How to incorporate Initialisation SQLs for JDBC Adapter

hi,

my integration requires a connection to a Oracle database which requires the logged in session to set the password to the database role.

after logging in, i have to run the following…
“set role <rolename> identified by ‘<password>’;”

I’ve thought of putting the above statement into a startup service of the packages that needs it but is not sure if it would work.

Basically, the concern is with connection pooling.
When the jdbc adapter only up the connection to the database as and when it’s needed. And these “new” sessions will not have executed the above sql statement.

Please help.

Kenny

Set role is session-level, so as you say, connection pooling is a problem.

Looks like a play for a Dynamic SQL adapter service.

For example:
SET ROLE ${role} IDENTIFIED BY ${password}

You will supply role and password as service inputs.

Don’t forget to SET ROLE NONE before finishing because the connection is still shared.

Hi Mark,

thanks for the help.
maybe u can help me further…

how do i set it such that it’ll run after every time the JDBC adapter starts a new connection for the pool?

Kenny

If the role is to remain active through the life of the connection, it would be easier to set up a different login ID with the appropriate permissions set on the default role.
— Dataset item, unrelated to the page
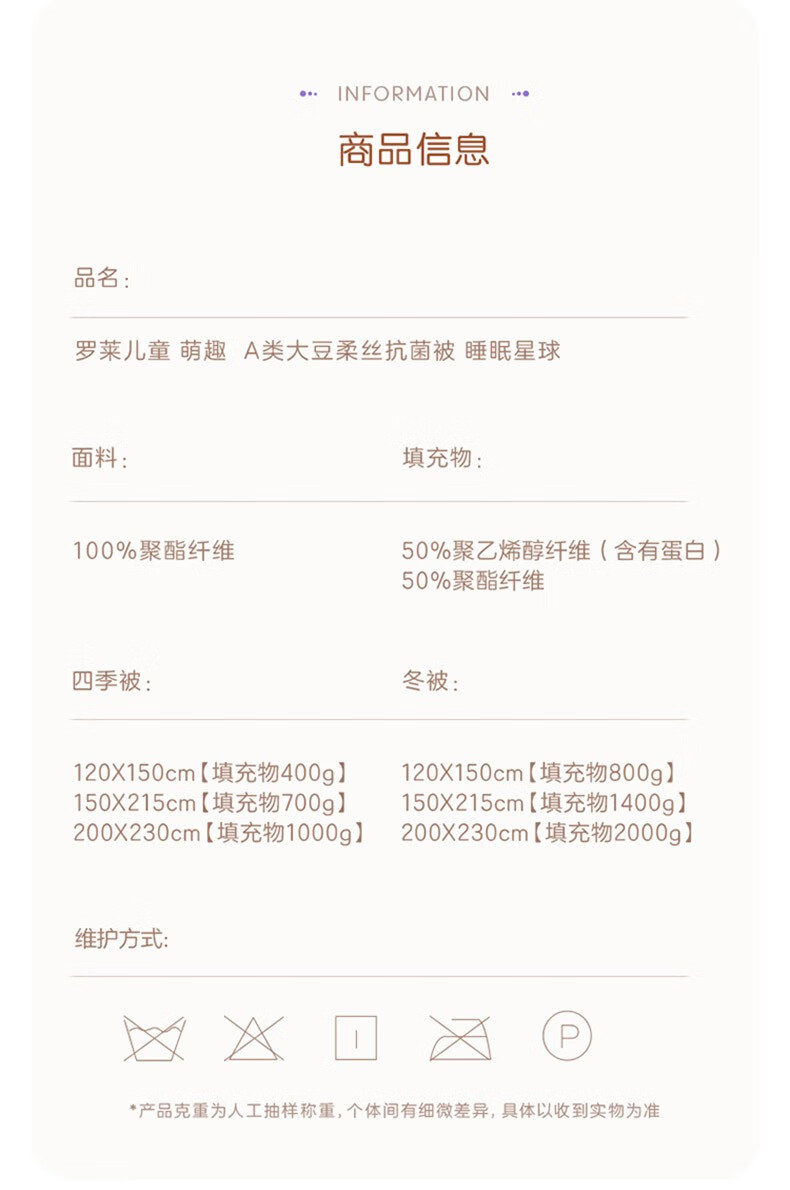 罗莱儿童XS 萌趣 W-A类大豆柔丝四季被 睡眠星球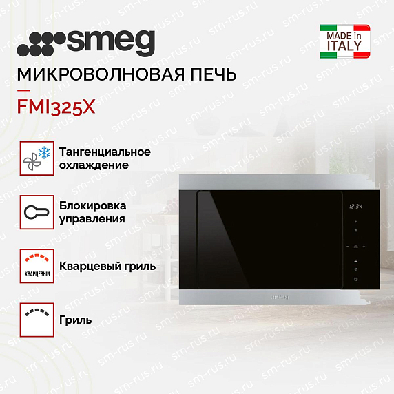 Встраиваемая микроволновая печь Smeg FMI325X — это стильный и функциональный прибор, который станет незаменимым помощником на вашей кухне. Она выполнена в современном стиле, легко впишется в любой интерьер. Оснащена сенсорными переключателями — ручки и кнопок нет, поэтому модель смотрится более аккуратно и стильно, а поверхность легче отмывать от загрязнений. При этом настраивать мощность и задавать другие параметры очень легко.

As an alternative, you could create a package startup service that executes the dynamic SQL mentioned above.

yup, having a role with the required permission would be the easier way.

I don’t understand how using a startup service can solve the problem though. The startup service will probably use just one of the connection in the pool (i.e only one session would have the required permissions). When IS allocates another connection from the pool to another adapter service, that integration will fail right?

Good point. I’d stay with the default role approach if you don’t want to explicitly turn the role on and off.

The main use I’ve seen for turning roles on and off is where upgraded permissions are enabled for a given user id only when they are executing sql from within an approved application, which provides the password for the role secretly.

Outside the application, if the user is running an ad-hoc tool, the permissions are more restricted.